▶ **EXERCISE DETAILS**
Give again, word for word, every line in the entries below from the line with "工具需要一个配置文件来存储O" up to and including the line with "Ο Αλέξης Τσίπρας", and no other line.

▶ **EXCERPTED DATA**
════
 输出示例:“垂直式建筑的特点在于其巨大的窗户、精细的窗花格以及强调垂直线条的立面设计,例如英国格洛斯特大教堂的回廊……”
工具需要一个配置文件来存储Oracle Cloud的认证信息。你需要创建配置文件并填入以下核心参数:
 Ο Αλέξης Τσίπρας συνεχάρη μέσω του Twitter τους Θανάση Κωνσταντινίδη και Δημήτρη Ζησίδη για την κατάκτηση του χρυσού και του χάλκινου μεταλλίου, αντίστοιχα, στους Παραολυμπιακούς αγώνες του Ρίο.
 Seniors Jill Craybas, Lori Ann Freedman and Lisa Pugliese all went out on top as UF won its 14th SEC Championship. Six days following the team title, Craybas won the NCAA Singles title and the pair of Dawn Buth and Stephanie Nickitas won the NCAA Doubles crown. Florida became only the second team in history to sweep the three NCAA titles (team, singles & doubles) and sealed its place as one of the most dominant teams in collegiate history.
════
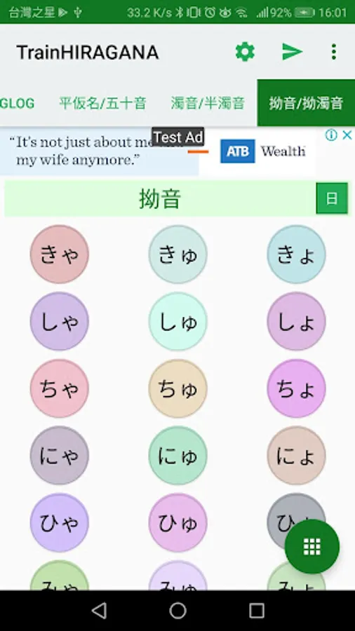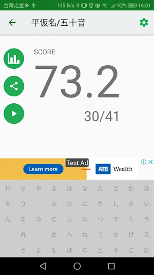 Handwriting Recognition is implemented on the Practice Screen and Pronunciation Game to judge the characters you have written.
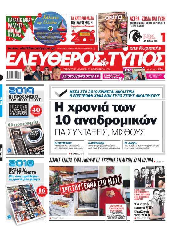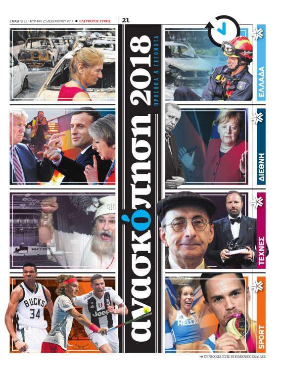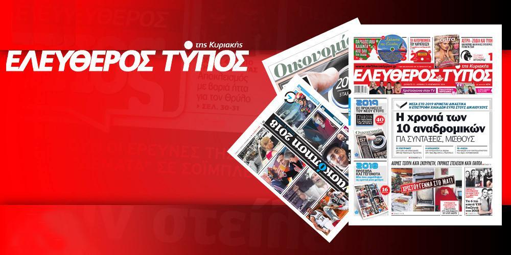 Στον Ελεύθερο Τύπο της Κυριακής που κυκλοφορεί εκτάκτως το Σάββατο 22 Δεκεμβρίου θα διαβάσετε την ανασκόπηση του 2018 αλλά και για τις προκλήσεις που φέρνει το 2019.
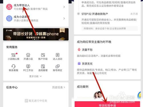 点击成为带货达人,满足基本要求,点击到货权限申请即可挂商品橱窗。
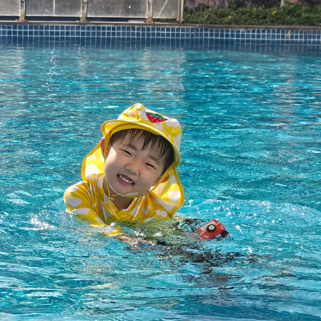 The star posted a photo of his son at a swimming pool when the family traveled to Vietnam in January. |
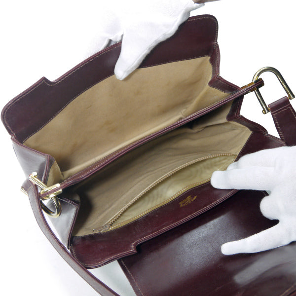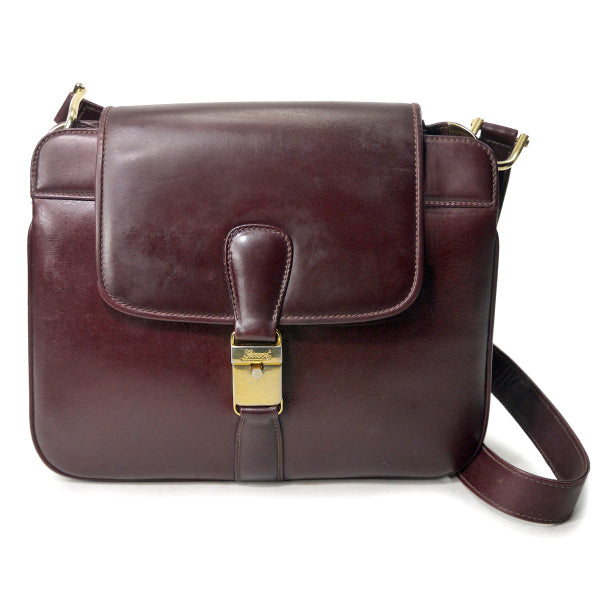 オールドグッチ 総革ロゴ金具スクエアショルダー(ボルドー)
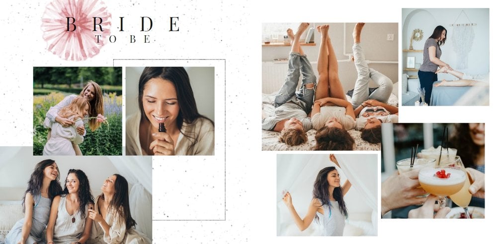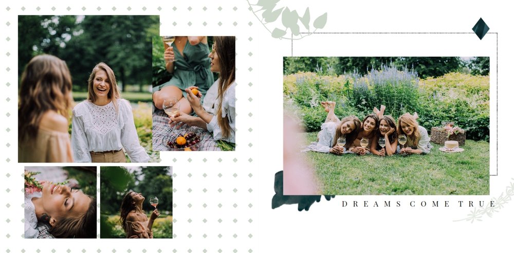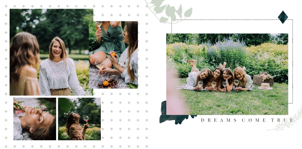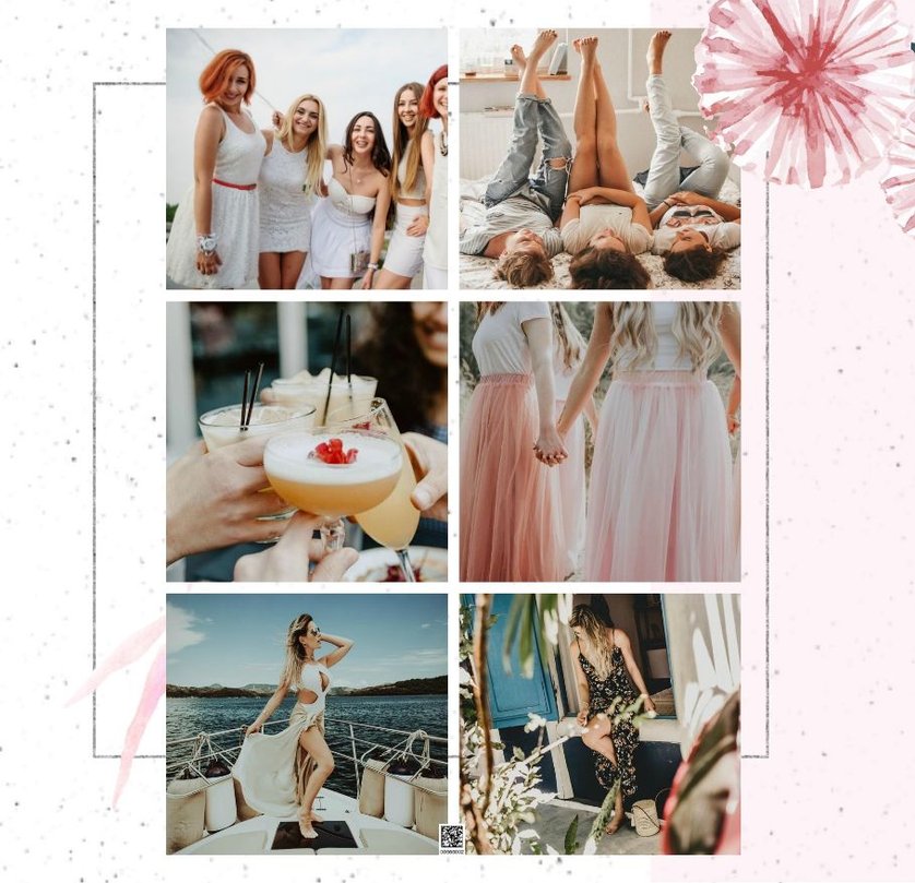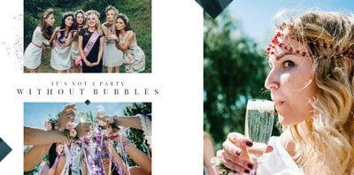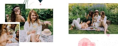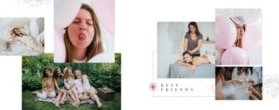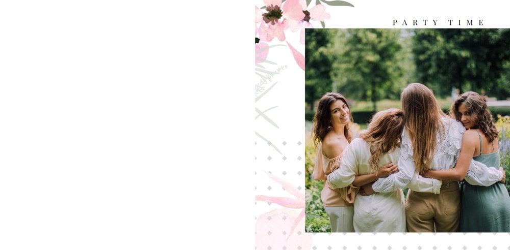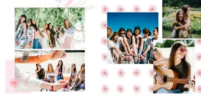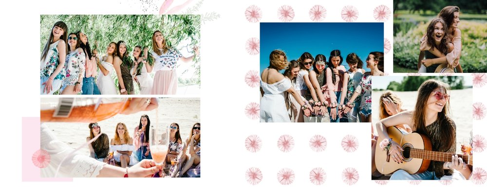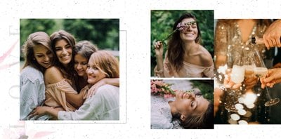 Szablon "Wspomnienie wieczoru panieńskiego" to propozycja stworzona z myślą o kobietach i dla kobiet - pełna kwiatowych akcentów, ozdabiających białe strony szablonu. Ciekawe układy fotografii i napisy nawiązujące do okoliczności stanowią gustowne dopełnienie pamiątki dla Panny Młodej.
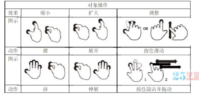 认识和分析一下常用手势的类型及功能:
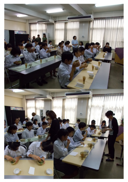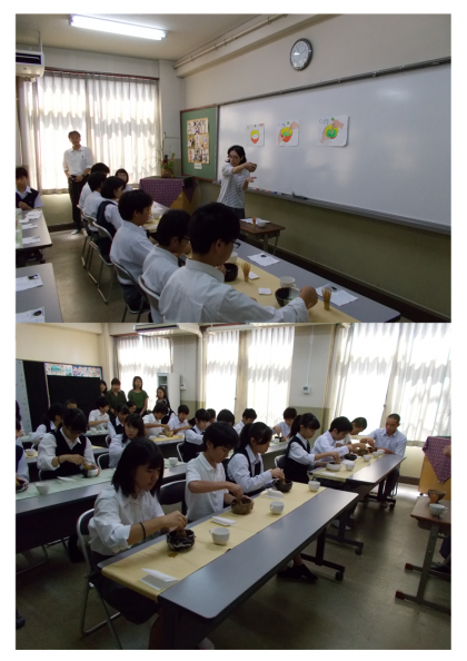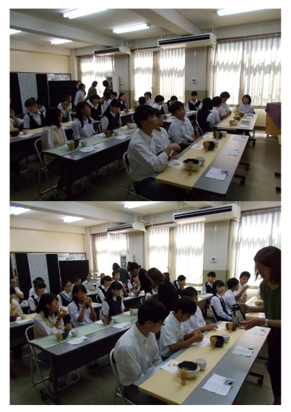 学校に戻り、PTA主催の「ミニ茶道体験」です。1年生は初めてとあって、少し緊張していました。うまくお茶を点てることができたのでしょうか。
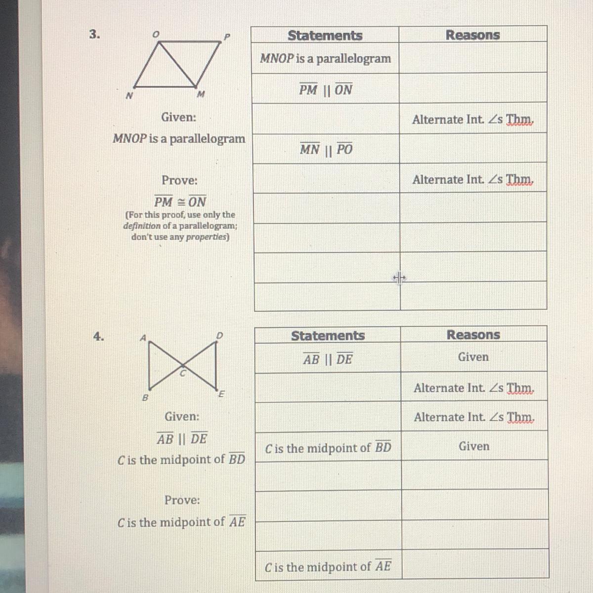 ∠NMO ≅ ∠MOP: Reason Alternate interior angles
════
▶ **SOLUTION FOR THIS TASK**
工具需要一个配置文件来存储Oracle Cloud的认证信息。你需要创建配置文件并填入以下核心参数:
 Ο Αλέξης Τσίπρας συνεχάρη μέσω του Twitter τους Θανάση Κωνσταντινίδη και Δημήτρη Ζησίδη για την κατάκτηση του χρυσού και του χάλκινου μεταλλίου, αντίστοιχα, στους Παραολυμπιακούς αγώνες του Ρίο.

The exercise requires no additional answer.